* What is being asked
Please repeat the whole listing exactly, but leave the pictures out.

* Given data

........

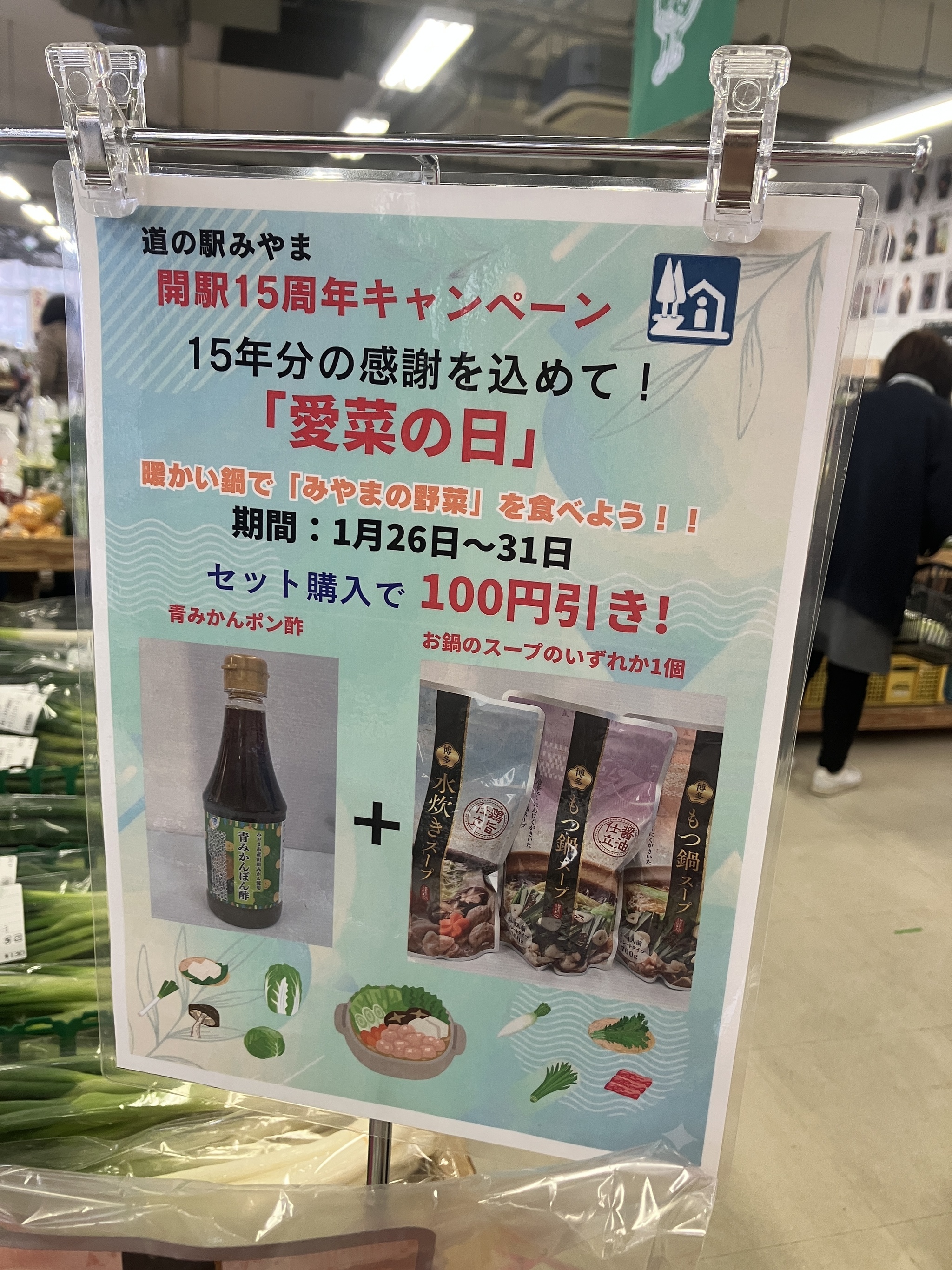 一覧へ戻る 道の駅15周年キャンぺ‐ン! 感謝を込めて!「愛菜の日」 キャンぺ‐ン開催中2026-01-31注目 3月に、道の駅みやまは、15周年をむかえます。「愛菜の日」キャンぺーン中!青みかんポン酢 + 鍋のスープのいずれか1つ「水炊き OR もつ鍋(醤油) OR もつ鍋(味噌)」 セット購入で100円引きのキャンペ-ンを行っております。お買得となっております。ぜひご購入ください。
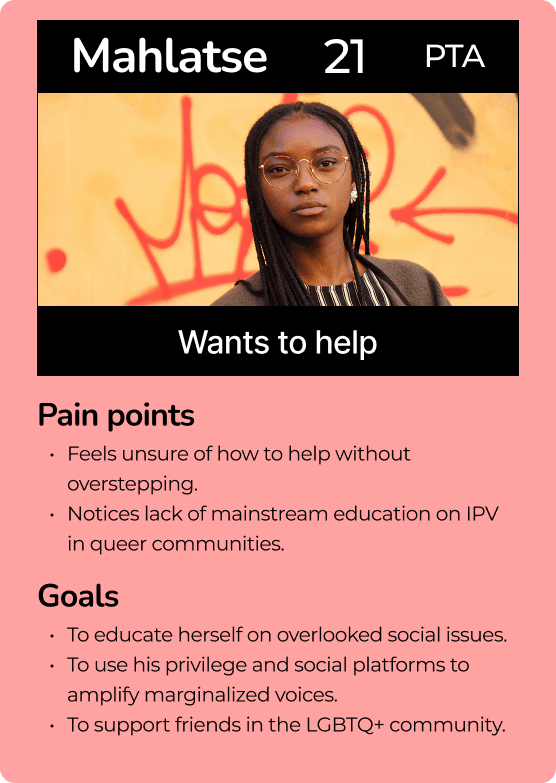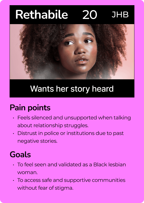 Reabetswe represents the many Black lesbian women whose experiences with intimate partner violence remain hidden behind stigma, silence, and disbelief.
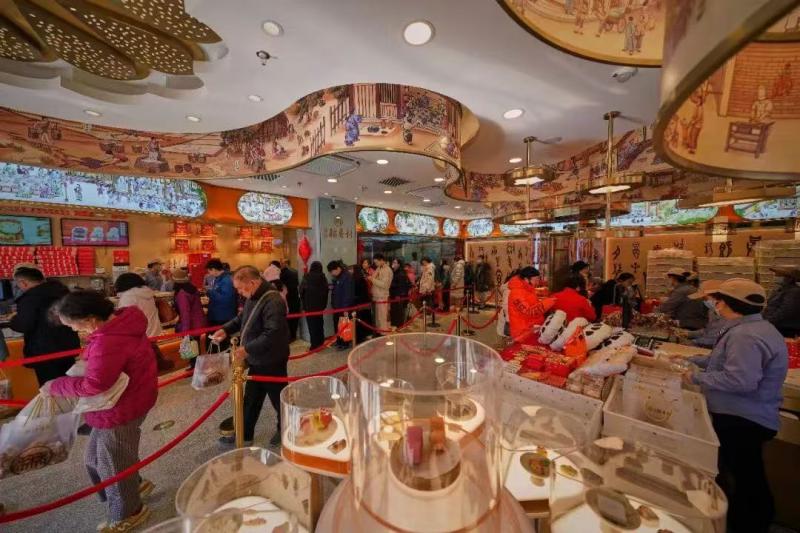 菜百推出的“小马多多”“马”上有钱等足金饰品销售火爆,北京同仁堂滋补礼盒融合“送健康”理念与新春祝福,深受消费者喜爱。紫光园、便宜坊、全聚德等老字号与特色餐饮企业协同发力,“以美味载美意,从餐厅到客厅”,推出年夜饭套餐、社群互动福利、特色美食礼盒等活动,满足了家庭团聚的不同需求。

........

* Worked solution
 一覧へ戻る 道の駅15周年キャンぺ‐ン! 感謝を込めて!「愛菜の日」 キャンぺ‐ン開催中2026-01-31注目 3月に、道の駅みやまは、15周年をむかえます。「愛菜の日」キャンぺーン中!青みかんポン酢 + 鍋のスープのいずれか1つ「水炊き OR もつ鍋(醤油) OR もつ鍋(味噌)」 セット購入で100円引きのキャンペ-ンを行っております。お買得となっております。ぜひご購入ください。
 Reabetswe represents the many Black lesbian women whose experiences with intimate partner violence remain hidden behind stigma, silence, and disbelief.
 菜百推出的“小马多多”“马”上有钱等足金饰品销售火爆,北京同仁堂滋补礼盒融合“送健康”理念与新春祝福,深受消费者喜爱。紫光园、便宜坊、全聚德等老字号与特色餐饮企业协同发力,“以美味载美意,从餐厅到客厅”,推出年夜饭套餐、社群互动福利、特色美食礼盒等活动,满足了家庭团聚的不同需求。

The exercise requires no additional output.